No labirinto de Borges

por Rosane Pavam publicado 20/05/2011 16h33, última modificação 24/05/2011 16h58
Historiador refaz a trajetória do escritor argentino em livro e sustenta que ele não reagiu com indiferença a seu tempo. Por Rosane Pavam
No labirinto de Borges

Historiador refaz em livro a trajetória do escritor argentino e sustenta que ele não reagiu com indiferença a seu tempo. Por Rosane Pavam

Biografar um grande escritor que viveu de inventar histórias sobre os outros e sobre si mesmo, de maneira a ser fiel a si mesmo e aos outros, parece constituir grande risco para um pesquisador. O historiador inglês Edwin Williamson, contudo, desdenhou do perigo. Com o intuito de desvelar Jorge Luis Borges, não só descobriu fatos ocultos da vida de um dos maiores escritores da Argentina e do Ocidente, como os ligou diretamente a muitos dos poemas e contos que produziu em sua longa vida ficcional.

Borges: Uma biografia, publicado em 2004 e lançado agora no Brasil pela editora Companhia das Letras (664 págs., R$ 68), é um estudo exaustivo sobre a vida do autor, embora, como tudo o que se refira a esse personagem e a muitos outros de sua estatura, não se possa declarar definitivo. Edwin Williamson age com correção, contudo, ao reivindicar ter sido o primeiro a desvestir Borges de um sentimento literário de indiferença ao tempo, como se suas ficções aspirassem pertencer a qualquer época ou lugar. Para o inglês de 62 anos, nada foi exatamente assim, e Borges apenas forjou, nas seguidas reedições e negações ao passado, esse sentimento de atemporalidade em seus leitores.
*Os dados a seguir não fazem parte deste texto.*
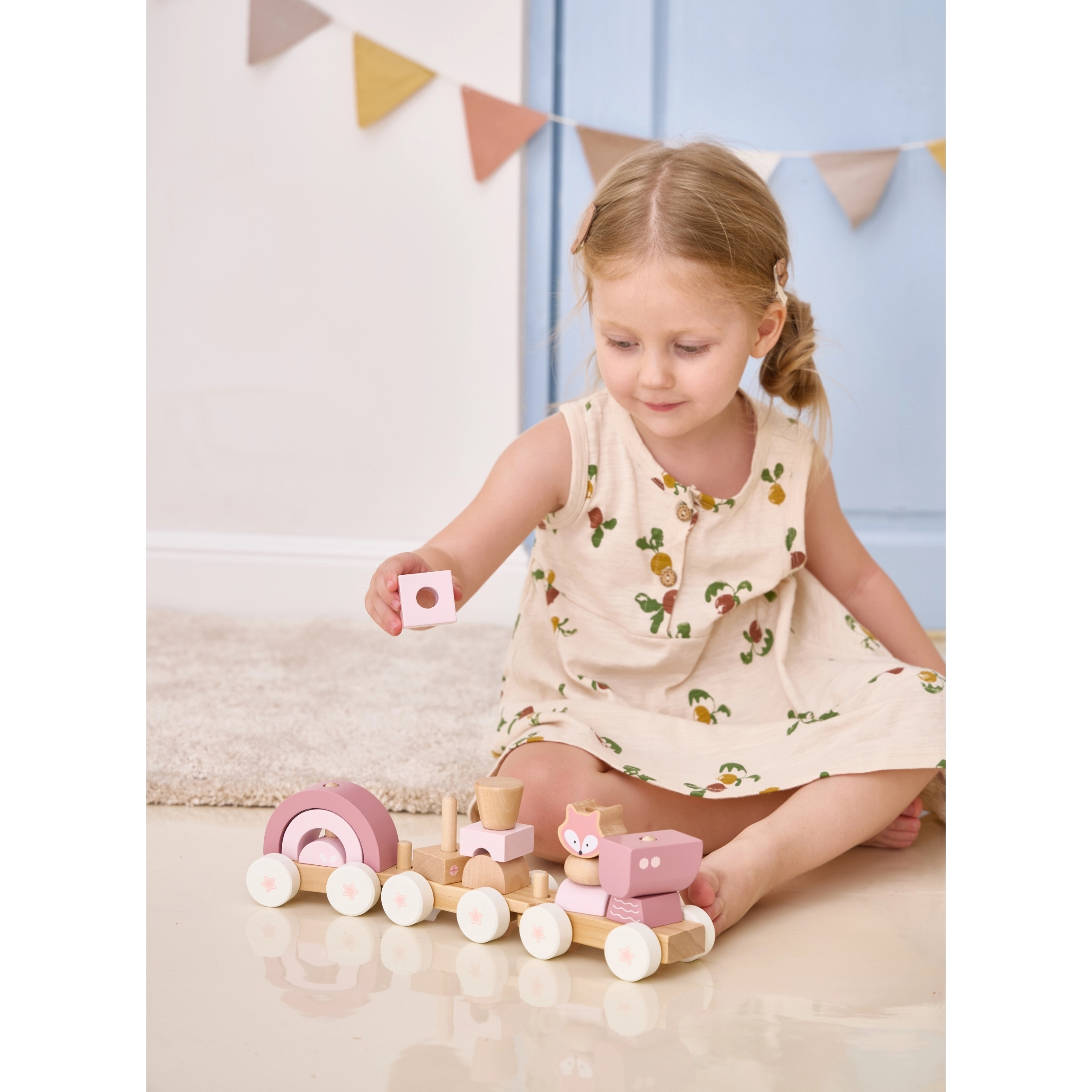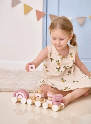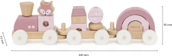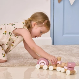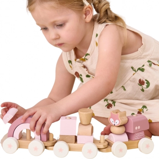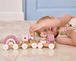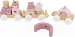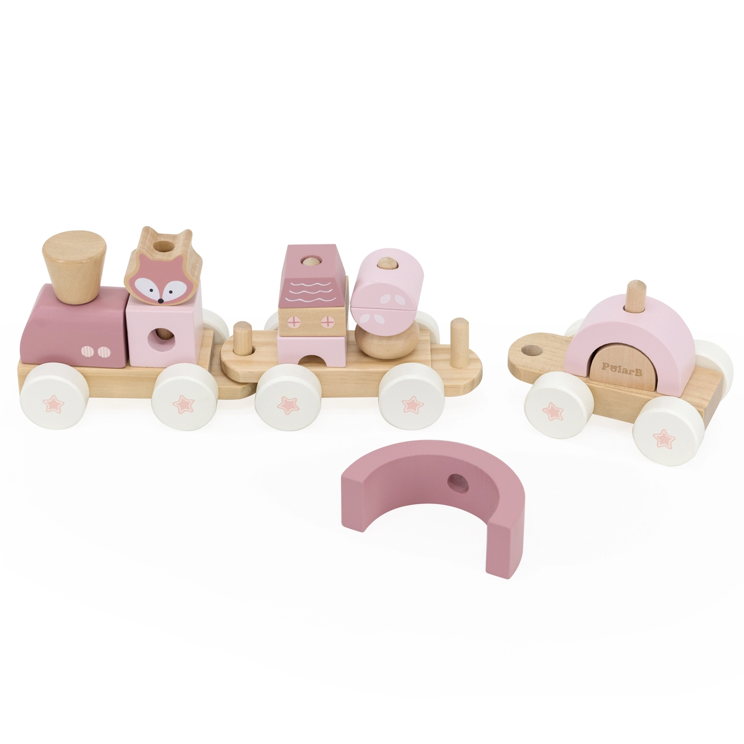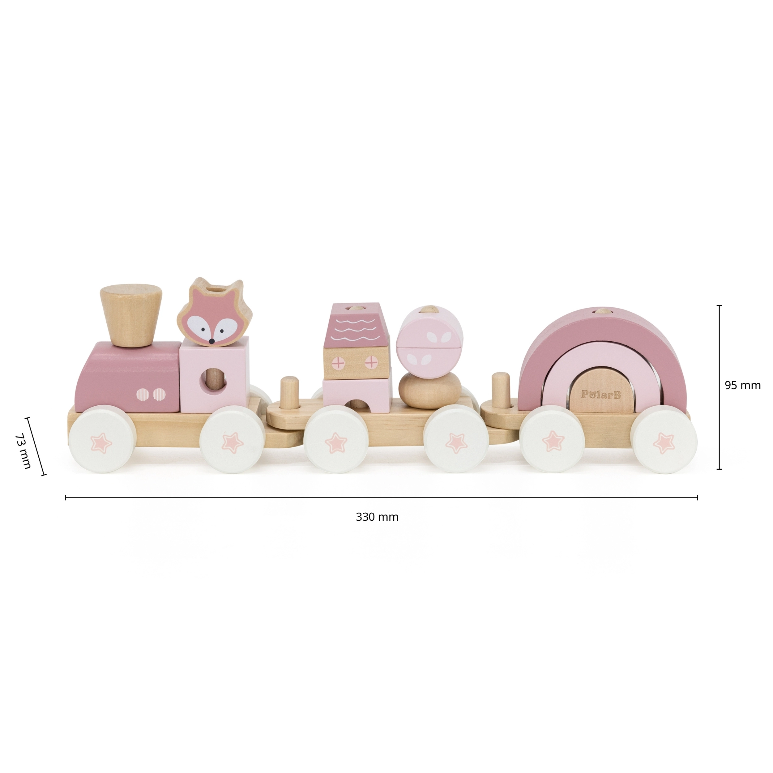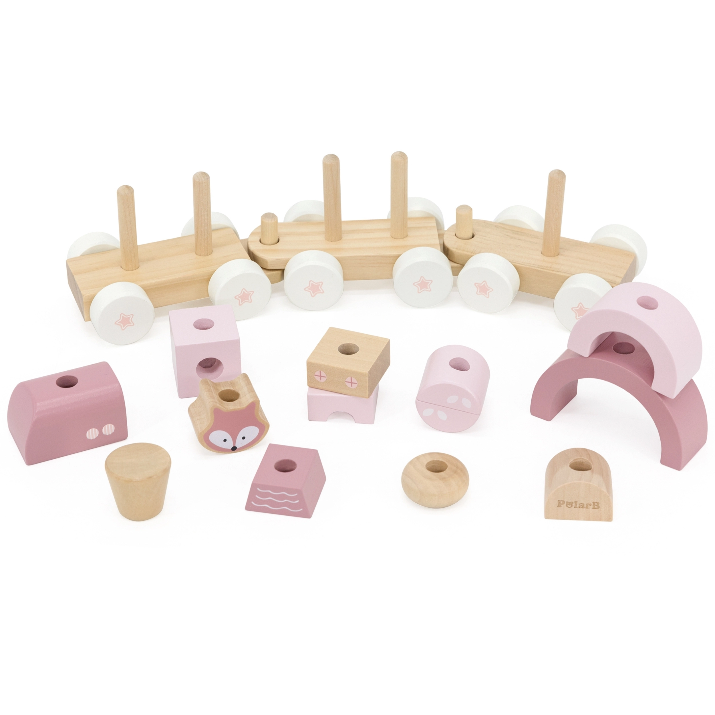 Mielas rožinis medinis traukinukas iš PolarB serijos, prekės ženklo Viga, pradžiugins kiekvieną vaiką. Jį sudaro 3 vagonai ir 14 kaladėlių įvairių formų, kurias galima laisvai derinti ir dėlioti. Dėl švelnių pastelinių spalvų, saugaus medinio apdirbimo ir malonių formų tai idealus žaislas smulkiajai motorikai, koordinacijai ir kūrybiškumui ugdyti nuo 18 mėnesių.

O pesquisador, que jamais esteve diante de seu biografado, nem de sua mãe, Leo-nor, decidiu pesquisar Borges porque o cultuara a fundo desde a adolescência, nos anos 70, a partir de uma antologia de seus contos intitulada Labyrinths. Só depois de redigir The Penguin History of Latin America, em 1992, Williamson entendeu que poderia relacionar a trajetória política e econômica da América Latina à sua história cultural. A obra de Borges se encaixaria nesse entendimento. “Enquanto avançava em minhas investigações, pude ver que havia uma estreita relação entre suas experiências vitais e sua escritura”, escreveu Williamson em espanhol, como resposta às perguntas feitas por CartaCapital em inglês.

“Borges é um de meus autores preferidos. Sua obra parece inesgotável, pode-se voltar a ela várias vezes e nela encontrar coisas novas, insuspeitas”, entende o historiador. “Meu interesse cresceu quando li que Borges havia apontado repetidamente uma base autobiográfica em sua obra. ‘Os contos tratavam de mim mesmo, de minhas experiências pessoais’, confessou em uma entrevista, e em outra disse: ‘Quando escrevo o faço por meio de símbolos. Nunca me confesso diretamente. Todos supõem que essa álgebra corresponde a uma frieza interior, mas não é assim, meu amigo, senão o contrário’. Ninguém parece ter feito muito caso dessas declarações e me pareceu interessante tomá-las a sério. Deste ponto comecei a investigar a biografia para ver até que ponto poderia relacionar suas vivências com sua obra.”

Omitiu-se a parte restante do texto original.